To, iż życie naszych babć znacznie różniło się od naszego wie chyba każdy. Znamy teorię. Wiemy, iż nie było prądu, a na wsi toaleta była poza obiektem. Jednak dość ciężko jest wyobrazić to sobie, mając współczesną perspektywę.
Ludzie wędrowni to powieść Anny Fryczkowskiej, w której poznajemy trzy pokolenia żyjących na polskiej wsi kobiet. W tle z kolei rozgrywają się wydarzenia o kluczowym znaczeniu dla historii Polski, takie jak powstania, wojny czy odzyskanie niepodległości.
Fascynująca historia rodziny, która szukała swojego miejsca na ziemi.
Ludka nigdy nie wie, gdzie będzie jutro jadła i spała. Józka, żona rybaka podróżującego od jeziora do jeziora, raz po raz ląduje z dziećmi w zrujnowanych chałupach. Ina, najmocniej z nich zakorzeniona, niedługo będzie musiała ruszyć w drogę. Trzy kobiety z kolejnych pokoleń przemaszerowują przez powstania i wojny, usiłując utrzymać rodzinę w komplecie.
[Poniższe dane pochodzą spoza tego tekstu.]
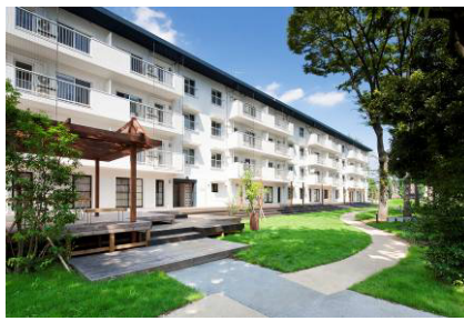
築50年のUR団地再生「りえんと多摩平」

Ich oczami obserwujemy rzeczywistość pierwszej połowy XX wieku – sławojki i szable, witaminy i zarazki, duchy i koniokradów, objawienia i wysiedlenia.
– opis wydawcy.

Całość powieści rozpoczyna się w 1913 roku – a to, co było wcześniej, znamy ze wspomnień bohaterek. Każda z bohaterek ma inne doświadczenia, jednak poza więzami krwi łączy ich coś jeszcze – wszystkie na pewnym etapie życia zmuszone są do podróży. Ludka i Józka przez swoich mężów, którzy nie byli w stanie nigdzie zagrzać miejsca na dłużej i wraz z rodziną poszukiwali wrażeń w różnych zakątkach. Obie z czasem jednak osiedlają się już na stałe. W takich też warunkach przychodzi na świat Ina, córka Józki i wnuczka Ludki. Dziewczyna, w przeciwieństwie do całej swojej rodziny, jako jedyna nie zna wędrownego życia, co jednak z czasem się zmieni.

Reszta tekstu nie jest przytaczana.